Buonasera a tutti.
A seguito dell'esame tecnico della documentazione presentata per l'attività di deposito di materiali combustibili ......
In particolare, vista la presenza di quantitativi significativi di materie plastiche, cartone e imballaggi, si richiede di integrare il progetto con una specifica Valutazione del Rischio Ambientale (rif. Capitolo V.1 del D.M. 03/08/2015 - Codice di Prevenzione Incendi).
Tale analisi dovrà dettagliare:
1) Caratterizzazione del carico d'incendio: quantità esatta e tipologia dei materiali (es. polimeri, carta pressata).
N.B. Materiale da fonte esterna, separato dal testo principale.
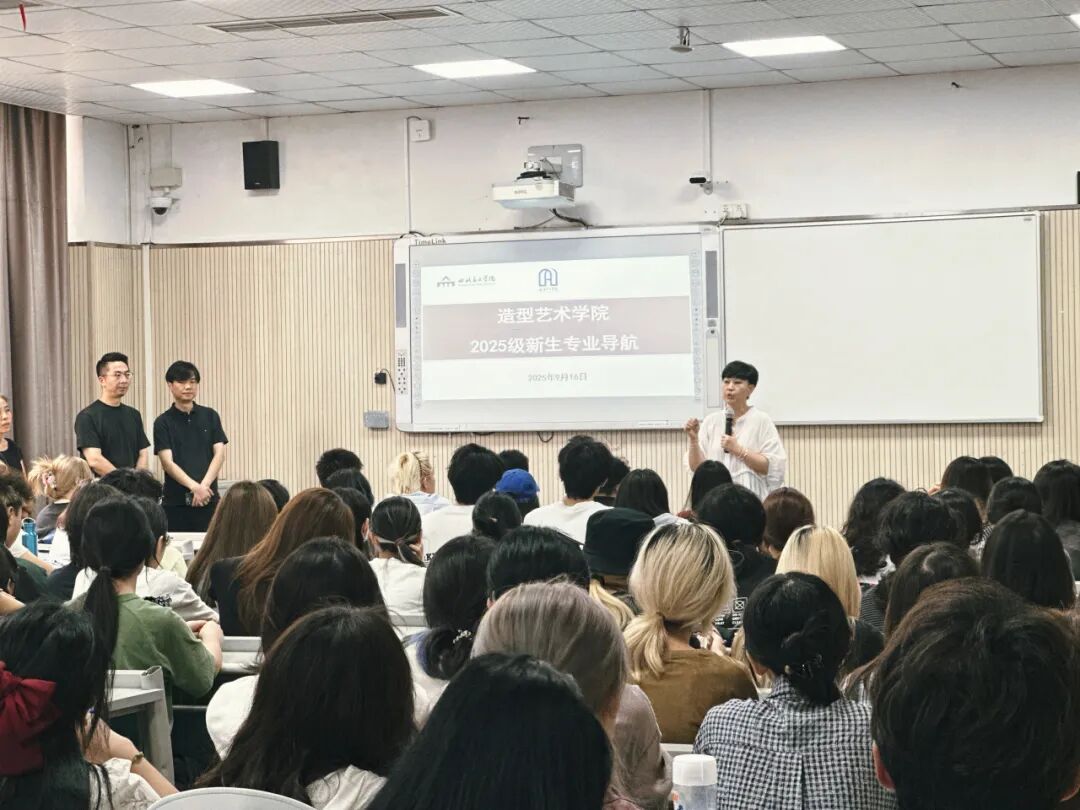 2025年9月16日14时,造型艺术学院2025级新生专业导航在绘画楼HB211教室举行。此次活动由造型艺术学院副院长熊莉钧教授主持,油画系副主任赵文悦、版画系副主任臧亮、雕塑系副主任尹代波、水彩画系主任包蕾做详细讲解。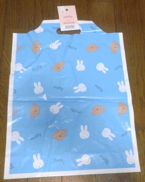 100均でみつけた「ミッフィーPEハンドルバッグ」41×30㎝(マチ9㎝)2枚。「ミッフィーPEハンドルバッグ」31×20㎝(マチ8㎝)3枚。セリア。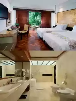Surroundings: The resort covers 6.8 hectares with tropical garden views, just a 4-minute walk to Legian Beach, about an 11-minute drive to Kuta Beach, and approximately 2.6 km to Seminyak Beach.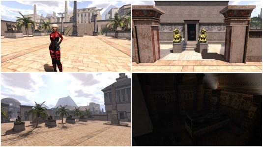 Alexandria in Second Life is built on a full sim and rated adult. It is owned by Kleopatra T. Philopator (doroty.davies), who says about herself that she’s “the Queen of Egypt and the living Goddess Isis, remaining in Alexandreia with my family and the Court.“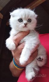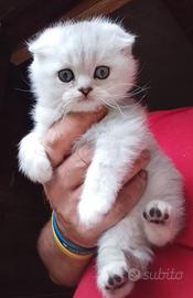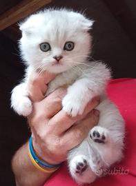 Vendo questa meravigliosa gattina di due mesi di età di scottish fold silver tabby,con occhi verdi. Genitori visibili di mia proprietà esenti filv felv e pkd Gattina di straordinaria tipicità e bellezza, perfettamente abituata al uso di lettiera e tiragraffi. Dolcissima, intelligente,molto affettuosa. Sarà ceduta alla fine dello svezzamento,(primi di maggio..),completa di libretto sanitario trattamento antiparassitario e sverminazioni.. È attualmente visibile e prenotabile.. 371-36-41-057 Wathsapp o chiamate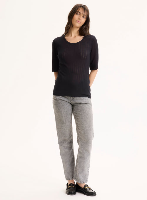 Navy Round Neck Short Sleeve T-shirt in Lyocell / Tencel

2) Misure di mitigazione: sistemi per il contenimento delle acque di spegnimento contaminate per evitare lo sversamento nel suolo o in fognatura.
3) Impatto dei fumi: valutazione delle conseguenze della combustione di plastiche in relazione al contesto ambientale circostante."
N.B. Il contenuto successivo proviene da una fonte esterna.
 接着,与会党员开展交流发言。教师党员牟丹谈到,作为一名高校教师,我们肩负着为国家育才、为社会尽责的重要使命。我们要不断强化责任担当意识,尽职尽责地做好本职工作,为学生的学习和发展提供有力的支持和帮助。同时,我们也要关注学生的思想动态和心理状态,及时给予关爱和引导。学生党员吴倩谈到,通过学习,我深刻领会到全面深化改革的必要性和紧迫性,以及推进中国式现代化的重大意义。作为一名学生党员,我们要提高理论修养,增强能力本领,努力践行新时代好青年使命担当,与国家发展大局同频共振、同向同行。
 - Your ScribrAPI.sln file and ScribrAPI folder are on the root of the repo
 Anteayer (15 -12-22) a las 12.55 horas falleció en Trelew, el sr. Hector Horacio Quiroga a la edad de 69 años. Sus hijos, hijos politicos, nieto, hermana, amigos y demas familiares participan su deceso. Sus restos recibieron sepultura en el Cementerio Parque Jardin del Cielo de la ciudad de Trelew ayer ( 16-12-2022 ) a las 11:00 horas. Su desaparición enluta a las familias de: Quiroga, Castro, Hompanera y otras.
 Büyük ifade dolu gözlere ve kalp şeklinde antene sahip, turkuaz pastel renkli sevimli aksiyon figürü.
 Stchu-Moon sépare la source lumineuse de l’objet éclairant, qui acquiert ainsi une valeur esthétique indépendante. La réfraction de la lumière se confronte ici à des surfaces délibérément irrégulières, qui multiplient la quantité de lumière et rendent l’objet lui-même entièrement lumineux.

Il depositi presenta un sistema ESFR. Ho parlato con il funzionario pochi minuti al telefono, era occupato.....
Se applico il paragrafo G.3.4 Se non diversamente indicato nel presente documento o determinato in esito a specifica valutazione del rischio, il profilo di rischio Rambiente è ritenuto non significativo:
a. negli ambiti protetti da impianti o sistemi automatici di completa estinzione dell’incendio (capitolo S.6) a disponibilità superiore;
Nel web ho trovato poco: Come si ottiene la disponibilità superiore?
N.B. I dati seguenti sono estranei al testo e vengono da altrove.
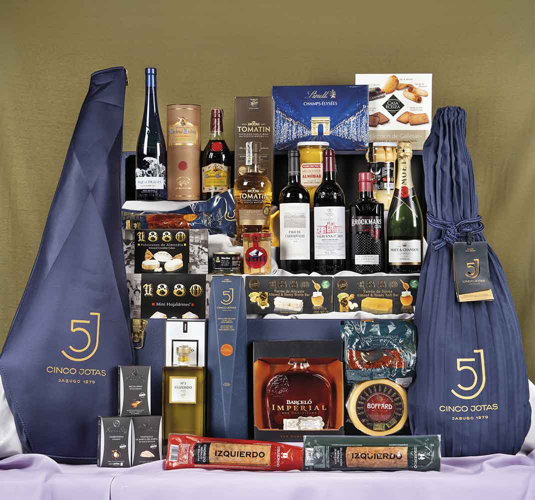 En esta cesta de Navidad nos encontramos, tal y como aparece en la descripción del producto, con un jamón ibérico de bellota 100% Jabugo 5J de SÁNCHEZ ROMERO CARVAJAL y con una paleta ibérica de bellota 100% Jabugo 5J de SÁNCHEZ ROMERO CARVAJAL.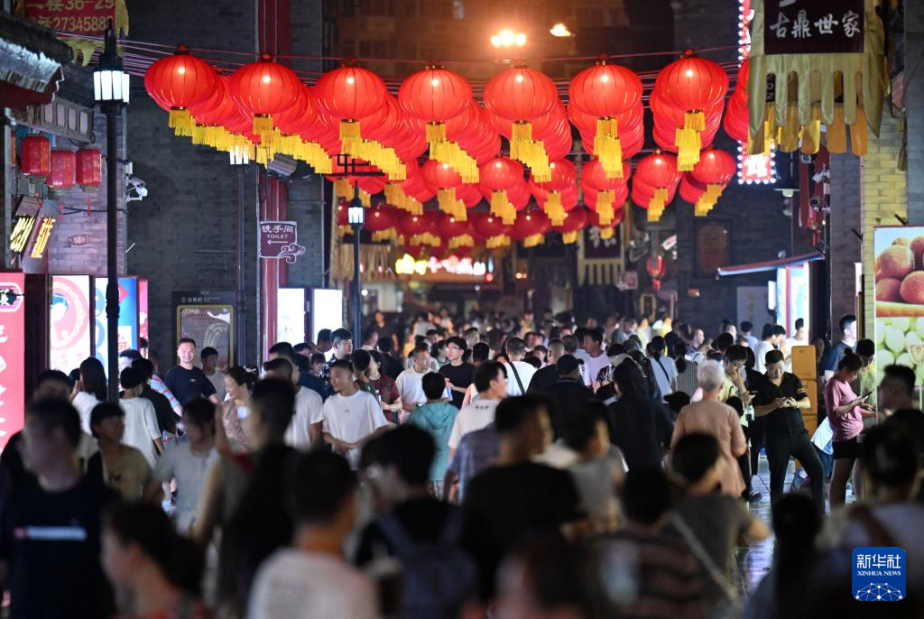 8月3日,游客在天津的旧文化街上玩得开心。在夏季,天津旧文化街的表演区域的夜间游览继续是“热门”,商人引入了诸如延迟业务的措施,组织现场行动以吸引游客并释放夏季的经济活力。照片:Zhao Zishuo的照片,新华社通讯社记者

Serbatoi o accumuli più grandi , maggiore riserva idrica;
Pompe di maggiore portata o pressione , più pressione nei rami principali;
Tubazioni più ampie, riduzione delle perdite di carico;
Ridondanza nelle valvole e nei rami principali , garantisce attivazione completa anche in caso di guasto parziale;
Ridondanza della Stazione di Pompaggio; (non ne basta una di riserva al 100 % della portata richiesta e pressione?);
Controllo impianto 24 h e Affidabilità dei Componenti: Utilizzo di componenti certificati con bassi tassi di guasto e disponibilità immediata di pezzi di ricambio in loco;
Alimentazione Idrica Garantita; La riserva idrica deve essere dimensionata per assicurare la portata e la pressione richieste per tutta la durata prevista (solitamente 60 minuti per gli ESFR), con sistemi di reintegro affidabili;
Integrazione con la GSA: L'impianto deve essere inserito in un piano di Gestione della Sicurezza Antincendio (GSA) di livello elevato, che preveda procedure rigorose per la verifica periodica della funzionalità;
Analisi del Rischio Specifica: La disponibilità superiore non è una caratteristica standard, ma deve essere dimostrata tramite un'analisi del rischio completa che renda "non credibili" gli scenari di fallimento dell'impianto (target di probabilità di fallimento spesso indicato sotto 10elevato -6).
Ma c'è un libro, un decreto, una norma, qualcosa per capire come si realizza un impianto sprinkler a disponibilità superiore? D
Oppure devo fare un bacino di contenimento?